Big Cake No

A big Hollywood star came to town recently. Paul Hollywood, that is.

Mr Hollywood (as I’m sure he likes to be known) appeared along with other stars of the Great British Bake Off and a variety of foody celebrities at the recent Big Cake Show on the outskirts of Exeter. I managed to wangle a last-minute afternoon off work and made my way out to the Westpoint Arena to join the massing throngs. Except, when I got there, I found that they had closed the doors to non-ticket holders about half an hour before I arrived. Which was a bit of a shame and just goes to show how much the folk in the South West love their cake. And Mary Berry.Big cake no

Moving swiftly on from that incident, not least because it makes me look a little foolish (why didn’t I buy an advance ticket?), I would like to talk about some cakes that I did actually get to eat. It is a well-established tradition known to anyone who works in an office that, on your birthday, you are required by some unwritten law to buy your colleagues a selection of cakes. The cakes are unveiled, the email goes out, people meander over and engage in terrible small talk until they can escape with a cake. It’s no fun for anyone, but at least they get cake.

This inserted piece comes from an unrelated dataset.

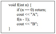 7. 執行以下程式碼f(2)的輸出為何?(A) AABB (B) ABB (C) ABAB (D) AAB
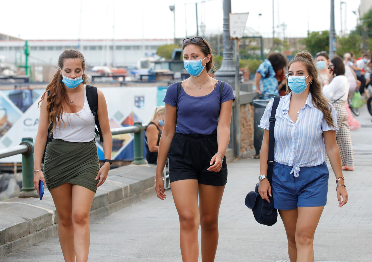 ▲義大利那不勒斯年輕民眾外出配戴口罩。(圖/路透)

And this year they got some really good cake.

Normally the annual birthday cake run means a trip to the supermarket to grab packets of cookies and boxes of doughnuts. But this year is the year that I have embraced local food producers and it would seem churlish if I had ignored all of the great local shops selling cakes and continued to give even more money to the supermarkets. Yes, it took me a few minutes longer to get there than it would the supermarket and, yes, it cost me a few pounds more but the cakes were worth it. A few minutes and a couple of pounds is not too large a cost once a year.

Mrs Gills cakes

This year I went to Darts Farm and bought a couple of Mrs Gill’s cakes: tangy lemon drizzle cake and sticky ginger cake. Both were delicious and were very well received at work. “Ooh, posh cake” was a fairly representative reaction, but don’t forget that I probably paid only slightly more than I would for a selection of supermarket cakes. The perceived value was significantly higher than the actual difference in cost.

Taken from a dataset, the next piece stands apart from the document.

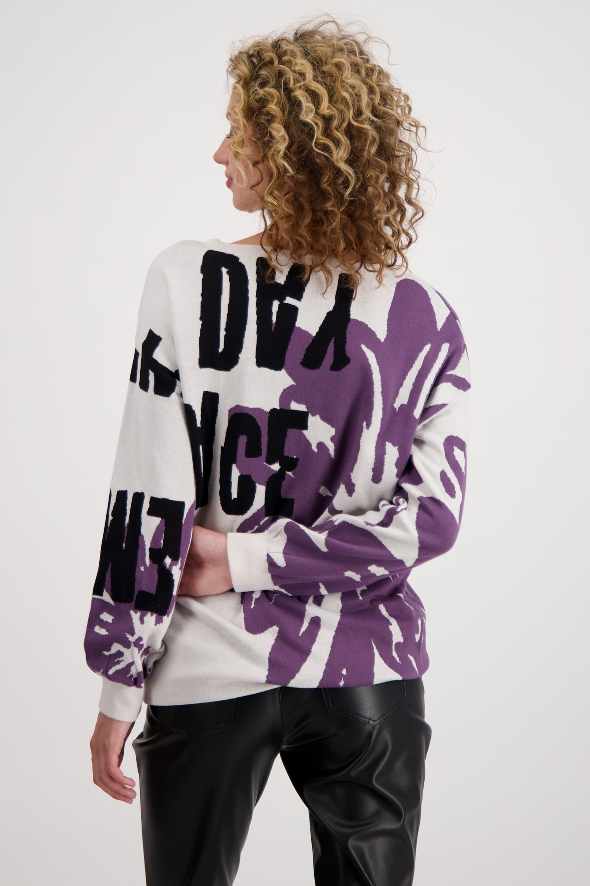 На сайте указаны российские размеры. Хлопковый вязаный свитер с круглым вырезом и стразами. Большой жаккард с цветочным узором и надписью прекрасно сочетается со сверкающими деталями из страз в буквах. Широкие манжеты на рукавах и по низу завершают дизайн. Прямой фасон отличается круглым вырезом горловины, слегка приспущенной линией плеч и боковым швом спереди. Спереди нашивка с вышивкой и сверкающими стразами. Абсолютное зрелище. Идеально сочетается с кожаными брюками и высокими ботильонами. Рост модели 176 см. Длина по спинке 44 размера составляет 73 см, а по переду – 70 см.
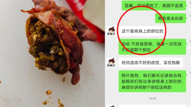 男子服务区买卤鸡胗咬到“鸡粪” 客服:是鸡的一部分

The ginger cake was sticky, not dry, and the lemon cake was incredibly moist and full of lemon. That’s exactly how they should be, of course, but it’s surprising how often these types of cakes turn out to be a bit disappointing.

Alongside the cakes there was also a selection of Devon biscuits, from Continental Crumbs. Continental Crumbs is run by Birgit, bringing some German baking expertise to Devon since 2006. These were also very good, with a great crisp crunch to the biscuit and a lovely flavour.

Continental Crumb

Not to be outdone, I came home after work to find that Mrs RB had baked me a fantastic genoese sponge birthday cake topped with cream and raspberries. And best of all, my work colleagues didn’t get a look-in with that one. That one Mrs RB and I demolished ourselves and very nice it was too.

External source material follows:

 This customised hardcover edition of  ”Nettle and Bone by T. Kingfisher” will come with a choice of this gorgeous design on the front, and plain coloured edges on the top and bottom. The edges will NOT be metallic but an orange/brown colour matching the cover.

What I’ve discovered this birthday is that it only takes a small change to divert your hard earned money away from the supermarkets and into the hands of local suppliers. And when you do, there’s a better than average chance that your colleagues will thank you for it. A few office brownie points can’t hurt after all.


3 thoughts on “Big Cake No

  1. I love Darts Farm. We sometimes stop by there on the weekend to pick up something from the deli counter.

    My manager went to the cake show, but I have to admit, after a couple of years looking at wedding cakes for our nuptials, I am fancy-caked out. It doesn’t stop me eating them though…

    • Darts Farm is a bit too close to where I work for me to avoid it for too long. I can make myself feel virtuous if I visit Cotswolds at the same time and stare at some walking gear before going to buy beer and cake.